Bending fatigue damage reduction in indium tin oxide (ITO) by polyimide and ethylene vinyl acetate encapsulation for flexible solar cells

Abstract

Hybrid organic-inorganic perovskites hold tremendous promise for next-generation portable power source applications. However, the device reliability under severe mechanical deformations is limited due to the use of brittle indium tin oxide (ITO). In the current study, we have attempted to enhance the bendability of the device by employing an encapsulation on the ITO coated polyethylene terephthalate (PET) substrate. The aim of this encapsulant buffer layer is to shift the location of the maximum bending stresses away from the ITO as well as provide barrier properties against the environment.
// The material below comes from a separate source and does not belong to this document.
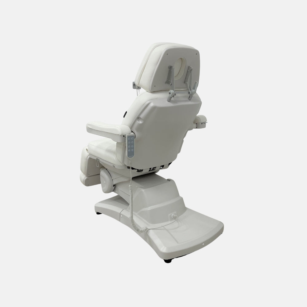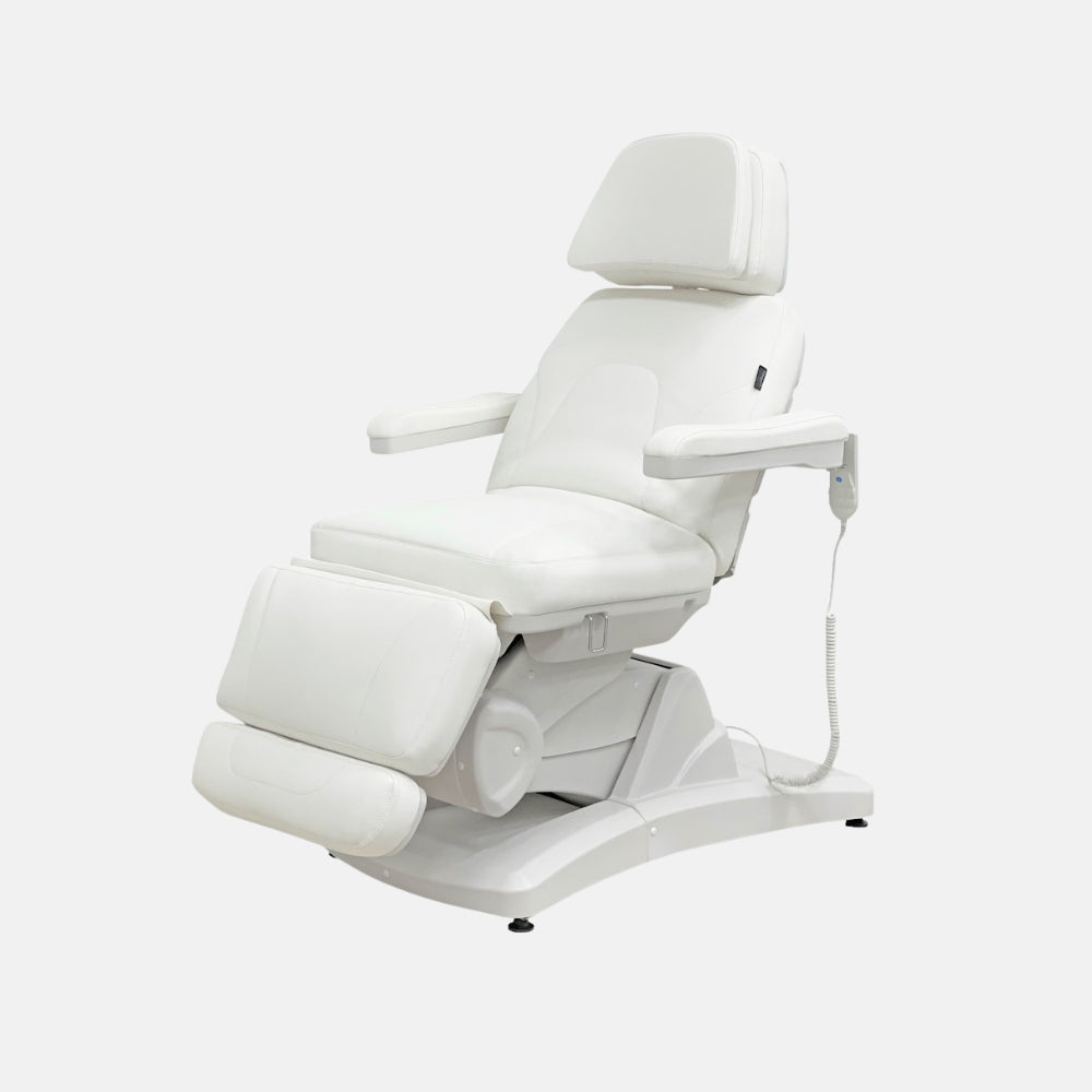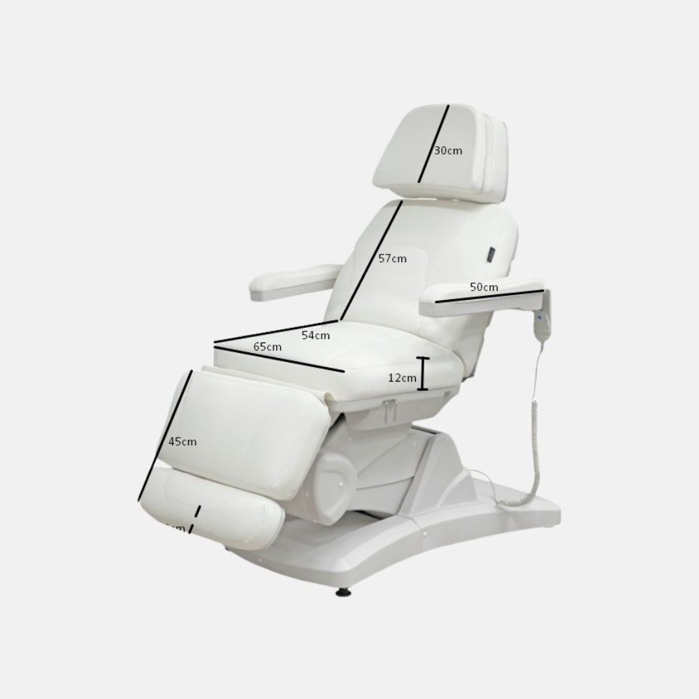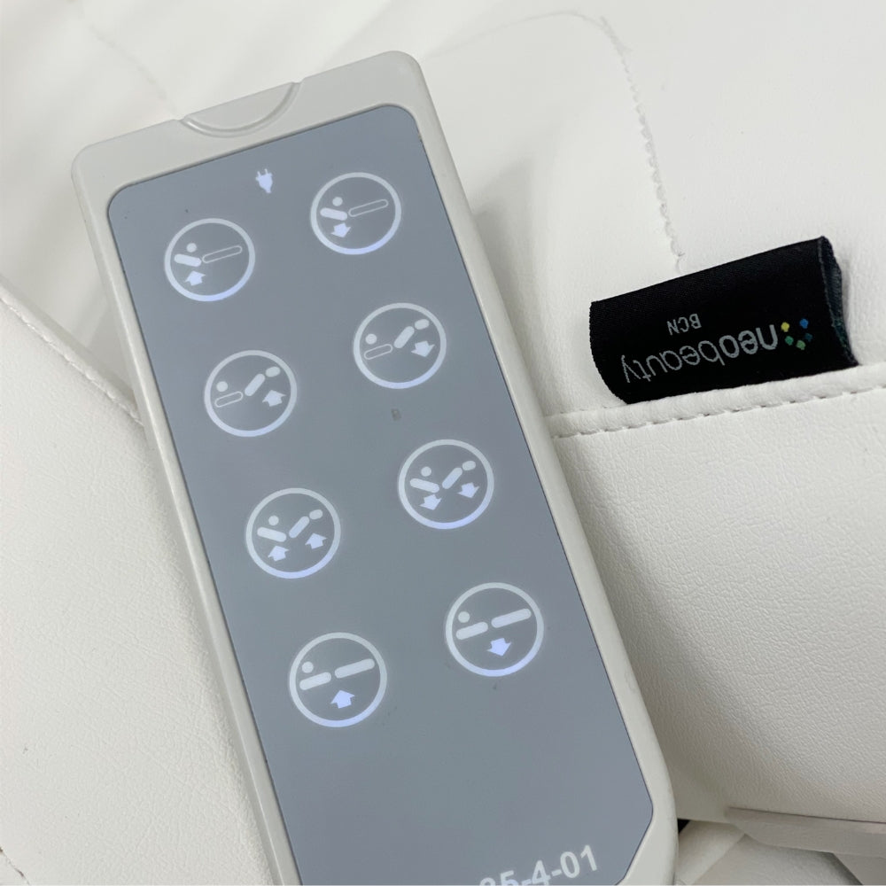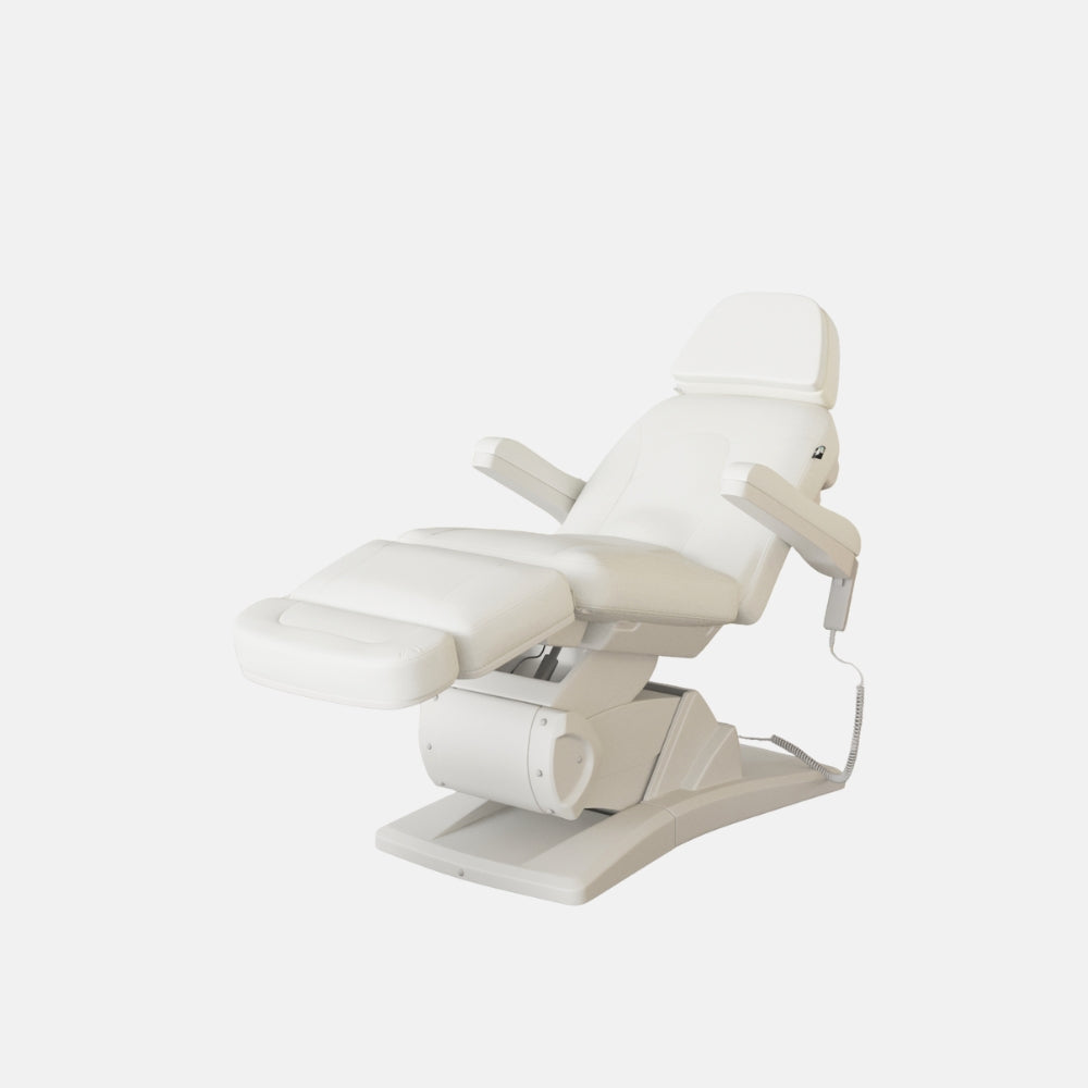 Pero no se trata solo de apariencia: la camilla Cristina Confort incluye 4 motores eléctricos que permiten regular la altura, la inclinación del asiento, la sección de pies y el respaldo con precisión. El mando cableado incorpora botones retroiluminados para un uso cómodo, incluso en ambientes con luz tenue.

Ethylene-vinyl acetate (EVA), as well as Polyimide (PI) films, have been used as encapsulating materials with the aim to shift the location of the neutral axis to the ITO. Finite element analysis has been done to evaluate the principal stresses generated in ITO during monotonic bending under different modes of bending, the thickness of encapsulant layers as well as radii of bending. The effect of the number of bending cycles, mode of bending as well as the bending radii on the conductivity of the ITO have been studied experimentally. A large change in resistance of ITO film has been used as a metric to determine the failure of the ITO film. Samples encapsulated with an optimum thickness of PI shows a significant reduction in percentage change in resistance as compared to raw samples for both cases of bending, while EVA encapsulated samples hardly show any improvement. Moreover, both the modulus and thickness of an encapsulant play an important role in enhancing the bendability.